Climate change will only exacerbate underlying inequalities.

by Sonali Kolhatkar, Resilience

As temperatures soar in the United States this summer, some among us are lucky enough to be able to remain in air-conditioned interior spaces, ordering food, groceries, clothing, and other products to be delivered to us. The rest, toiling in the extreme heat to pull products off hot warehouse shelves and drop them off curbside in scorching delivery trucks, are risking health and even life. July 2023 marked the planet’s hottest month on record.

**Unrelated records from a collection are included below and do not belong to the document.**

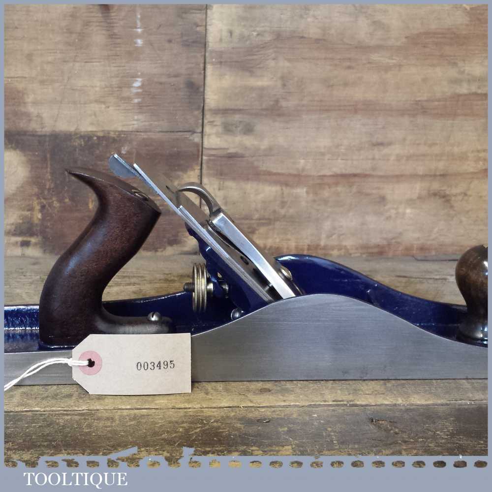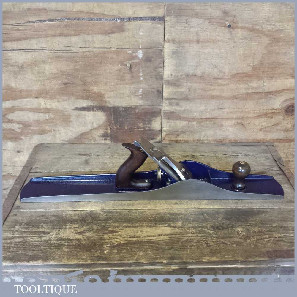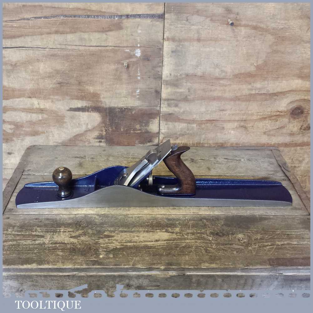 When refurbishing planes we do not merely clean them to make them look good, they are restored to a level that ensures they are actually ‘in plane’ sharpened, honed and all the components are thoroughly cleaned so that they move freely. Our planes are specifically reconditioned to satisfy professional tradesmen who will instantly know the difference between buying one of our planes over general other used ones. Our aim with reconditioning these planes as we do is to reduce tear out by refining the plane so it can be set up to take a very fine shaving. For new woodworkers: Note that we also refine the set up of the chipbreaker which is often neglected in other planes giving you the best possible start.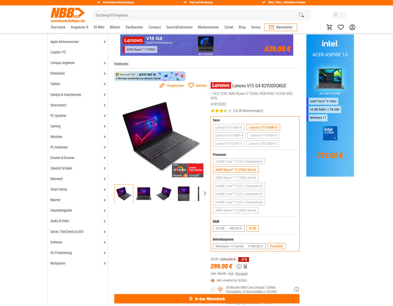 Lenovos V-Modelle zählen zu den einfachen, recht preisgünstigen Office-Notebooks. Die Zielgruppen stellen sowohl Privatnutzer als auch Unternehmen und Organisationen dar. Aktuell führt Notebooksbilliger.de mit dem V15 G4 AMN einen AMD-basierten Vertreter der Serie zu einem Preis von 299 Euro im Sortiment.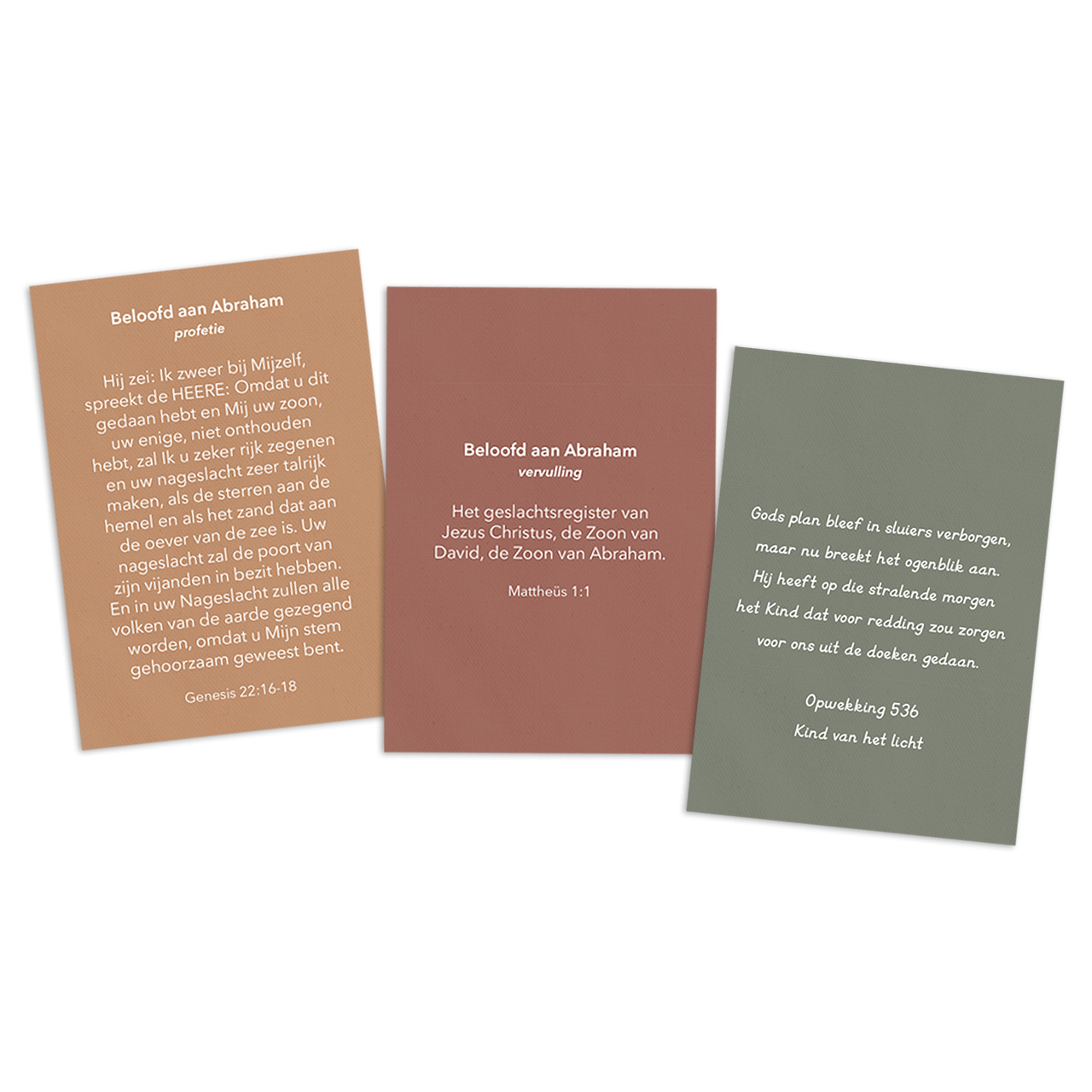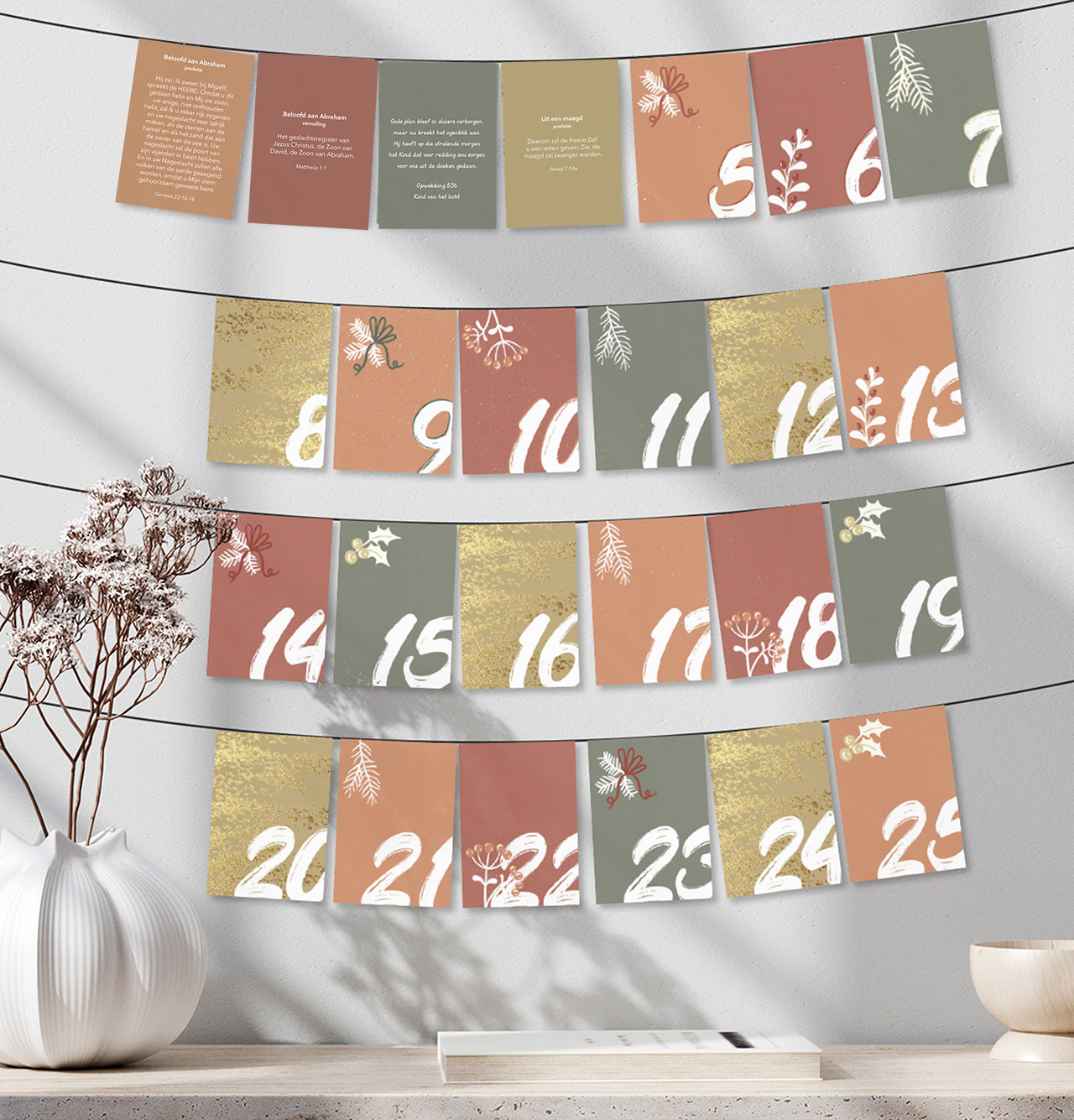 • 25 kaartjes met het nummer van de dag en op de andere zijde een bijbeltekst (profetie of vervulling), lied of quote

In San Bernardino, California, where retail giant Amazon has a massive warehouse and fulfillment center, daily temperatures reached triple digits for the majority of days in July and have been dangerously hot all summer. Workers with the Inland Empire Amazon Workers United (IEAWU) protested the dangerous conditions and complained to CAL-OSHA, the state’s Division of Occupational Safety and Health. One worker, Daniel Rivera, told Fox11, “Amazon’s main focus is production. Safety is not the priority until it’s too late.”

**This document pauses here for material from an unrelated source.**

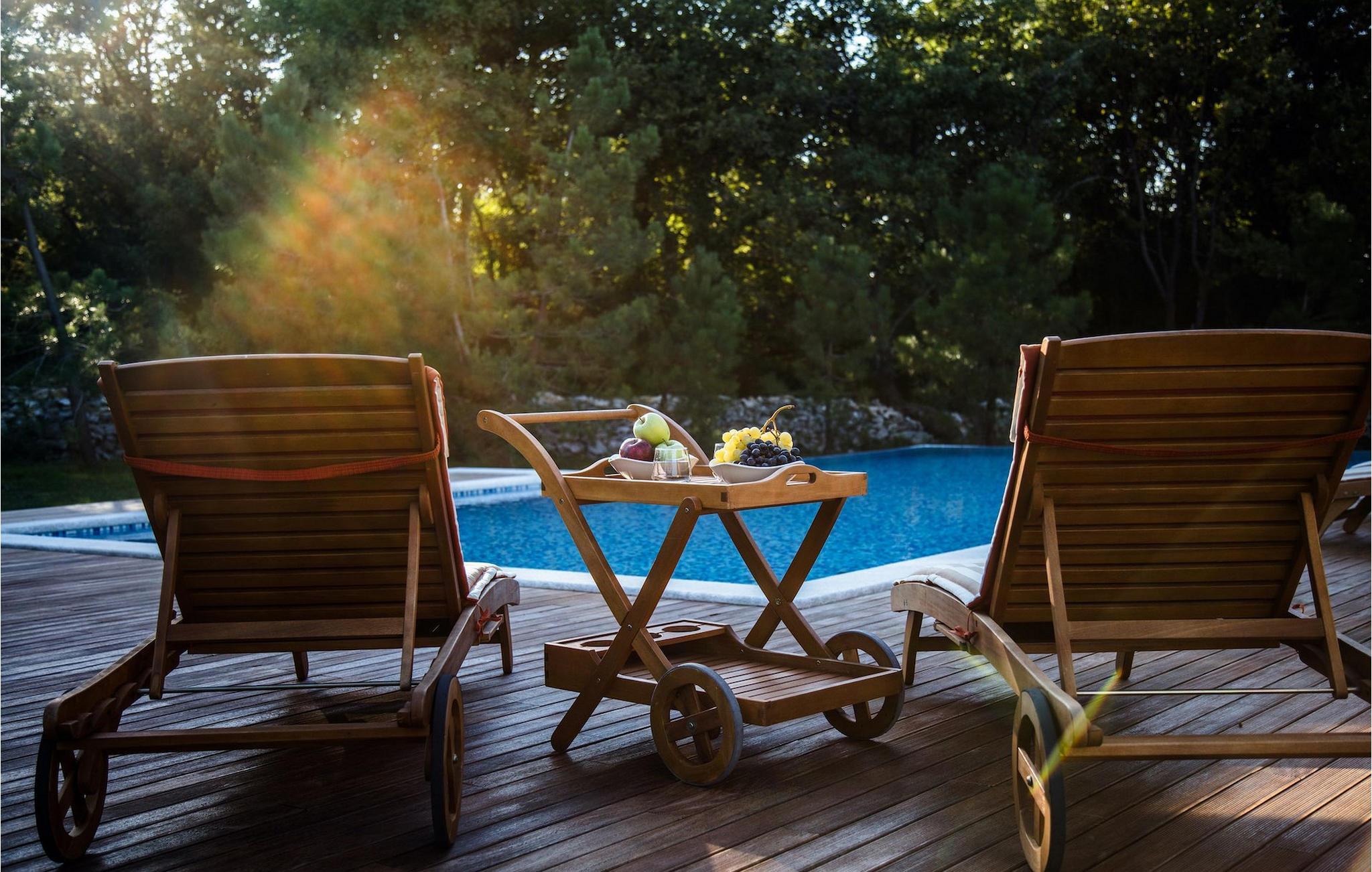 Der Pool der Villa schaut auf einen Wald, der die Villa von einer Seite umgibt und Gemütlichkeit und Komfort bietet. Ein Essbereich im Freien mit Grill ist ebenso vorhanden wie auch zwei umschlossene Parkplätze.

A builder cooling down with cold water during heat wave.

What we are witnessing with such increasingly common instances is capitalism-induced climate change intersecting with capitalism-induced labor exploitation. It’s a deadly combination and one that is being discussed in ways that obscure its causes and solutions.

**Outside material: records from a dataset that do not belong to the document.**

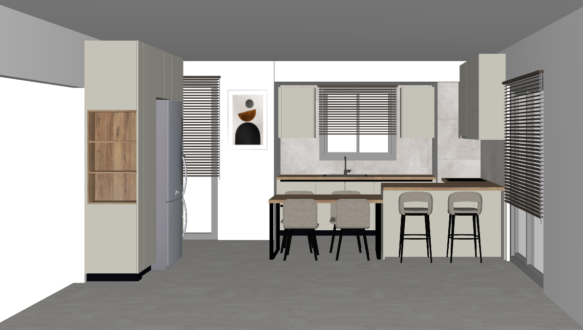 render a modern kitchen with a soft homely atmosphere use warm white for the walls and grey beige cabinets and soft wood for the countertops the floor tiles should be a light tan color incorporate large windows with natural light streaming in highlighting the greenery outside add indoor plants in pots near the windows for a fresh look the dining table should be wood with metallic chairs set with elegant tableware use hanging pendant lights above the table casting a warm glow overall ambience should be serene and inviting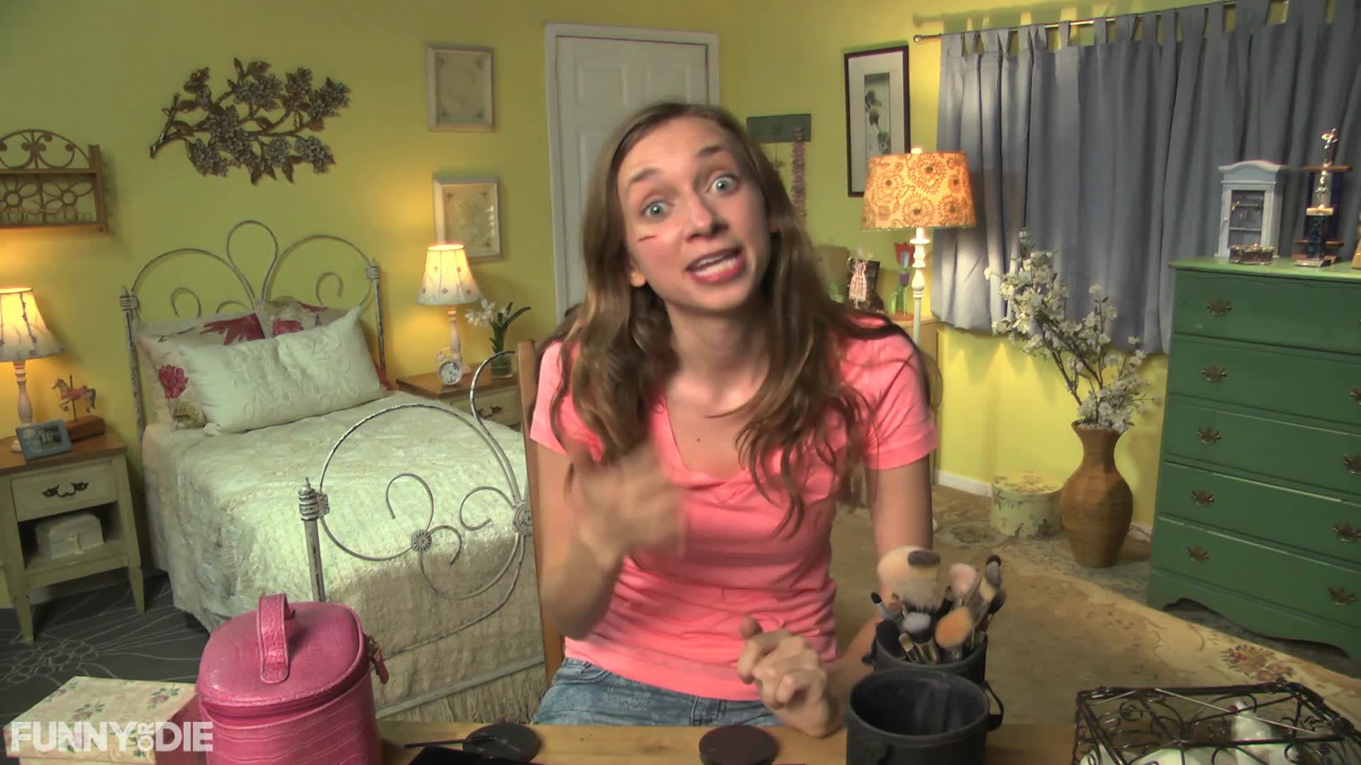Description: A woman is making a face while holding a teddy bear in a bedroom with a bed and dressers.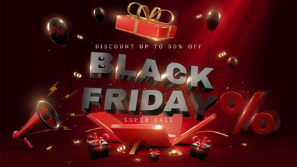 Black Friday sale background with bold text Decorated with black balloons, gift boxes and gold ribbons on a red background, red elegant backdrop for holiday sale promotion.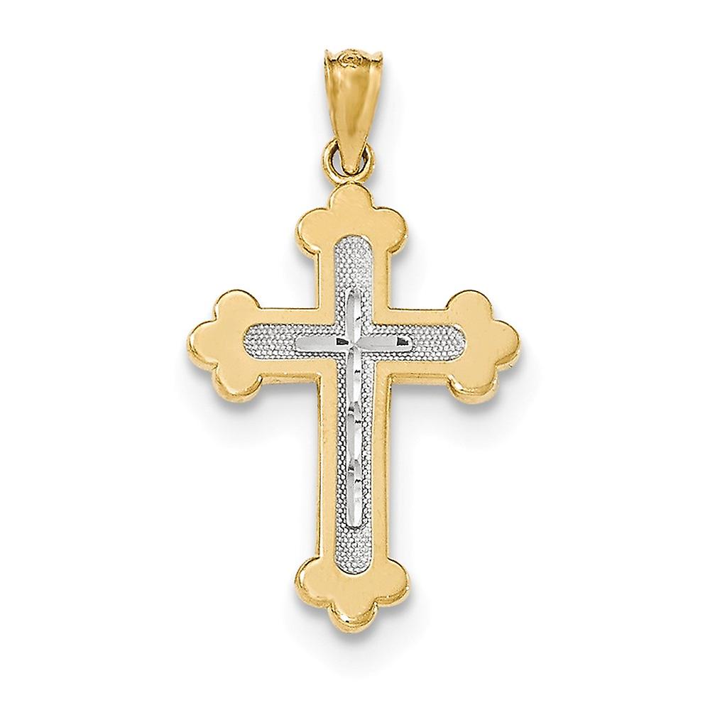 14k Solid Textured Y W Gold Polished Budded Religious Faith Cross Pendant Necklace 28mm long-Pendant for Women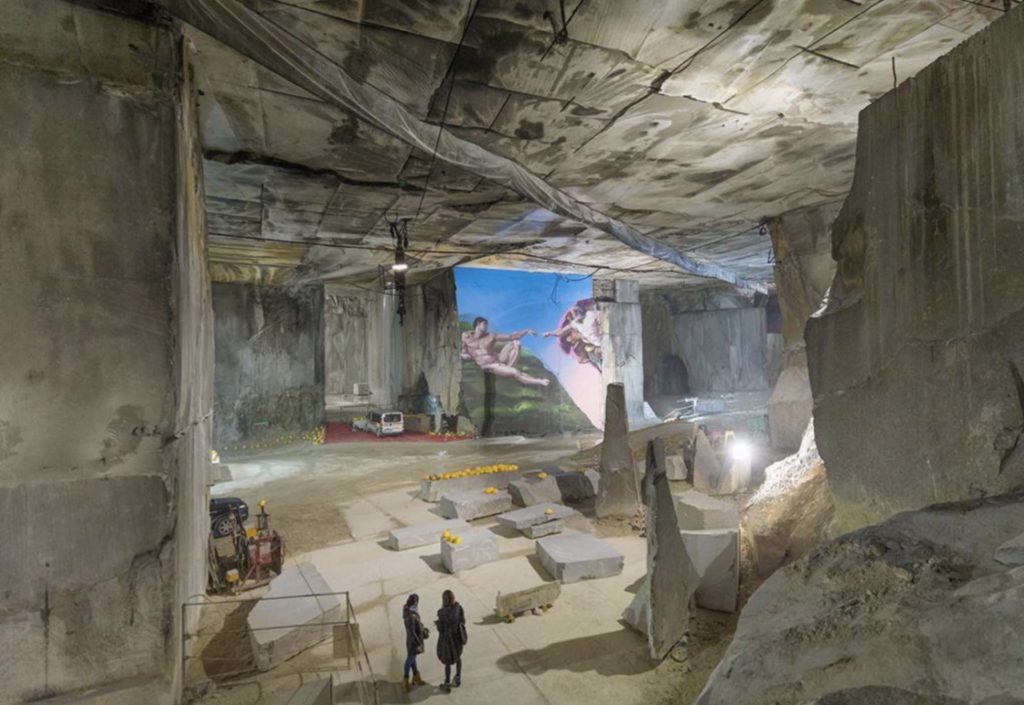 Nel 1983 Dell’Amico Carlo sfruttando i tunnel della “Marmifera” (treno adibito al trasporto dei blocchi) è stato il pioniere della tecnica di escavazione interna riuscendo a sviluppare nel centro della montagna delle immense stanze calcolate in 24000m. cubi sostenute da imponenti colonne che fanno restare il visitatore senza fiato, in un luogo quasi lunare dove si perde il senso delle proporzioni ed il tempo si ferma.

Take the corporate media, whose coverage has focused on the pro-business buzzword of “productivity.” CBS worried in an August 1, 2023 story, “How Hot Weather Affects Worker Productivity—and What That Means for the Economy.” The New York Times similarly lamented in a July 31, 2023 headline, that “Heat Is Costing the U.S. Economy Billions in Lost Productivity.” The cost to the economy (a euphemism for stock values and profit margins) is the bottom line—not the safety and health of human beings. Therefore, it matters a great deal that, as per the Times, “more than 2.5 billion hours of labor in the U.S. agriculture, construction, manufacturing, and service sectors were lost to heat exposure.”